By Larry Sandler
Milwaukee Journal Sentinel
MILWAUKEE — Emergency medical service would drop below acceptable standards if private companies replaced the Milwaukee Fire Department, Fire Chief Mark Rohlfing said Friday.
But Rohlfing said exploring consolidation and cooperation opportunities with suburban fire departments would be “an excellent idea.” The chief was responding to Ald. Terry Witkowski’s announcement Thursday of a study on overhauling the Fire Department.
Witkowski has asked the city’s Legislative Reference Bureau to look into whether private ambulance companies could take over emergency medical service, whether private contractors could be hired to provide fire service and whether city and suburban fire departments could merge with each other, perhaps under Milwaukee County administration.
Rohlfing said he was “always open to looking at any kind of efficiencies,” but remained a proponent of public emergency medical, fire and police service.
National standards call for trained emergency medical technicians to arrive with a defibrillator within five minutes of receiving a call for help, Rohlfing said.
“Without our apparatus responding, it’s impossible to meet that standard,” Rohlfing said. “It really is a standard of care that our citizens have come to expect.” In Milwaukee, fire engines typically respond first, then call either city paramedics for advanced aid or private ambulances to take patients to hospitals.
Rohlfing said he saw private emergency medical service fall through in Rapid City, S.D., where he was previously fire chief.
In that city, a private ambulance company was providing paramedic service, but fire engines still showed up first for basic aid, he said.
Then the private company decided to pull out because the business wasn’t profitable enough, Rohlfing said, and the city had to form its own paramedic unit in 2005.
Scottsdale, Ariz., had a similar experience with private firefighting service. Private fire protection is a much narrower market segment than private emergency medical service, Rohlfing said.
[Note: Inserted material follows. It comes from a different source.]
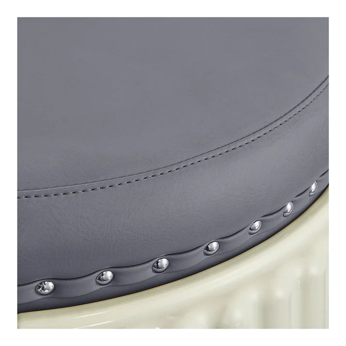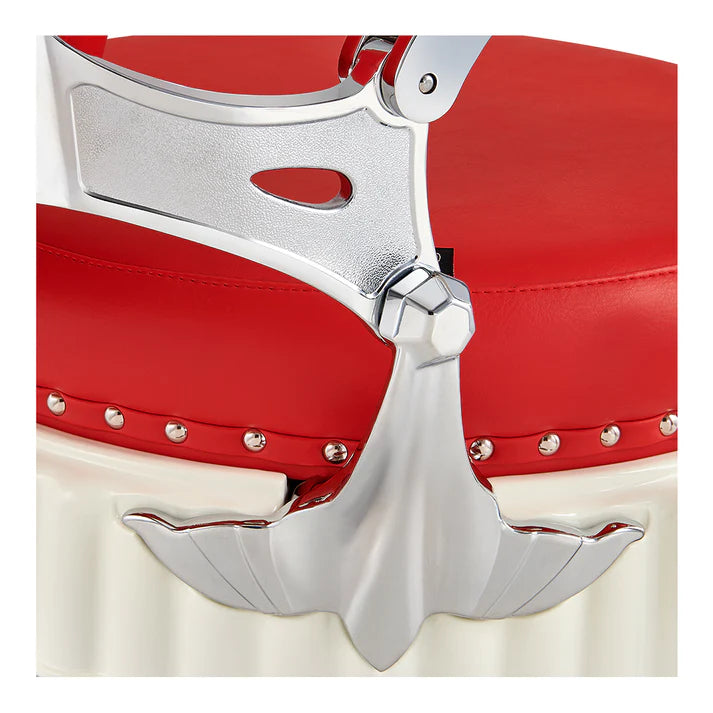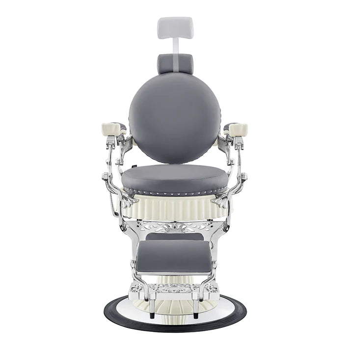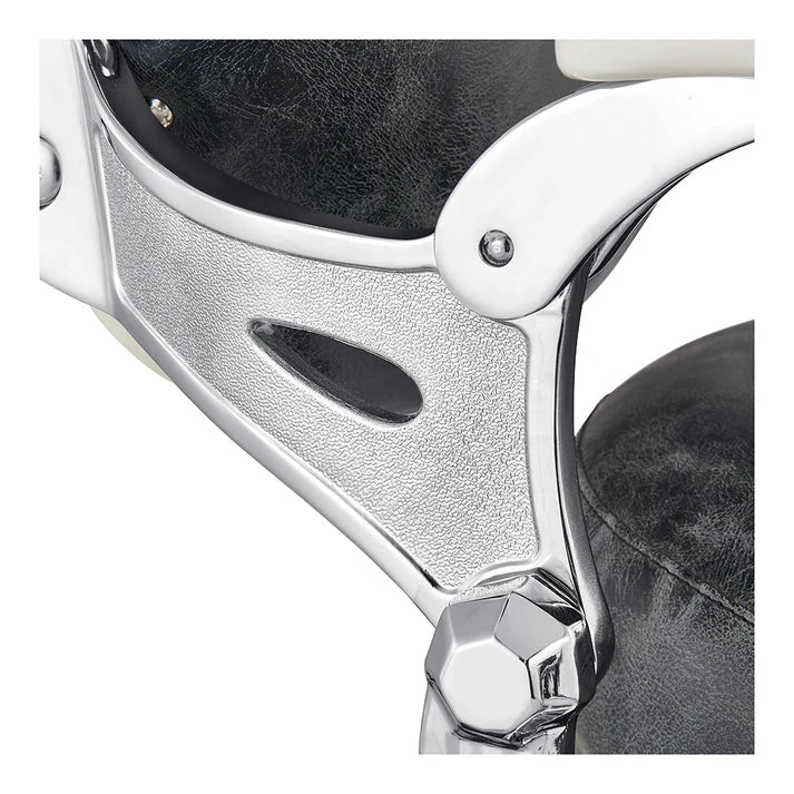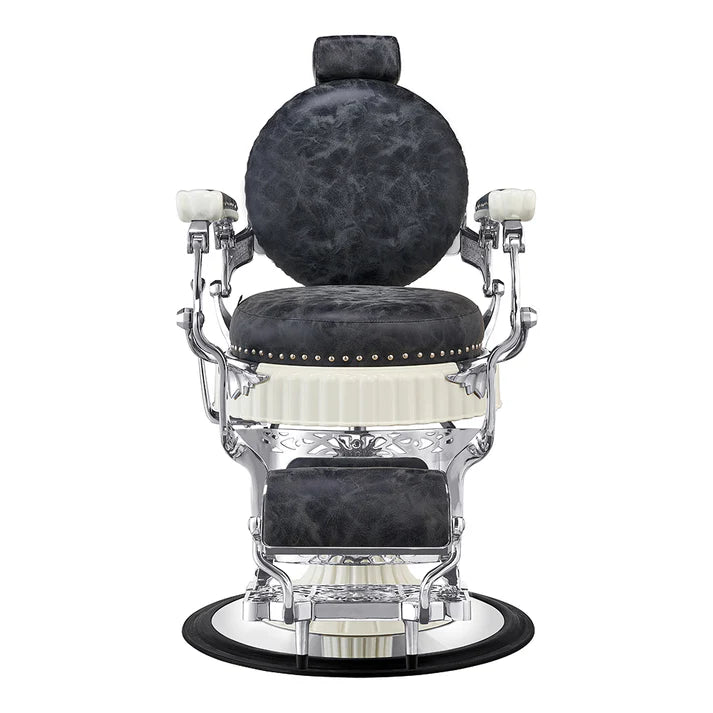 Introducing the DIR Mikado Vintage Barber Chair: The perfect blend of European modern design and classic barbershop tradition. Features a sturdy, antique-detailed chrome frame, luxurious faux leather, and a reclining back with a padded flip-up footrest—the ultimate comfort and style upgrade for your business.

But Witkowski said he was aware of at least one company, Rural/Metro Corp., of Scottsdale, which provides both fire protection and ambulance service to communities nationwide.
Rural/Metro handled fire protection in its hometown for more than 50 years before pulling out in 2005, forcing the Phoenix suburb to form its own fire department, according to a 2010 article in The Arizona Republic.
A Rural/Metro spokeswoman did not return a call seeking comment. The publicly traded corporation is in the process of being acquired by the Warburg Pincus private equity firm.
Witkowski said any contract with private companies would have to provide adequate notice of cancellation. Wackenhut Services Inc., best known as a private security company, also provides fire protection and emergency medical services nationwide, a company representative said in an email to Witkowski.
The county has hired Wackenhut to provide security on county buses and to transport county inmates; the county also paid the firm to replace security guards at county buildings, and Wackenhut kept part of that work even after the privatization move was overturned.
Rohlfing was more positive about looking into joint operations with suburban departments, an idea also pushed by Mayor Tom Barrett.
The Milwaukee Fire Department serves West Milwaukee under a contract with that village, and the North Shore Fire Department serves seven suburbs. Other communities operate their own fire departments. The county has its own firefighting force for Mitchell International Airport but contracts with the Wauwatosa Fire Department to protect the County Grounds.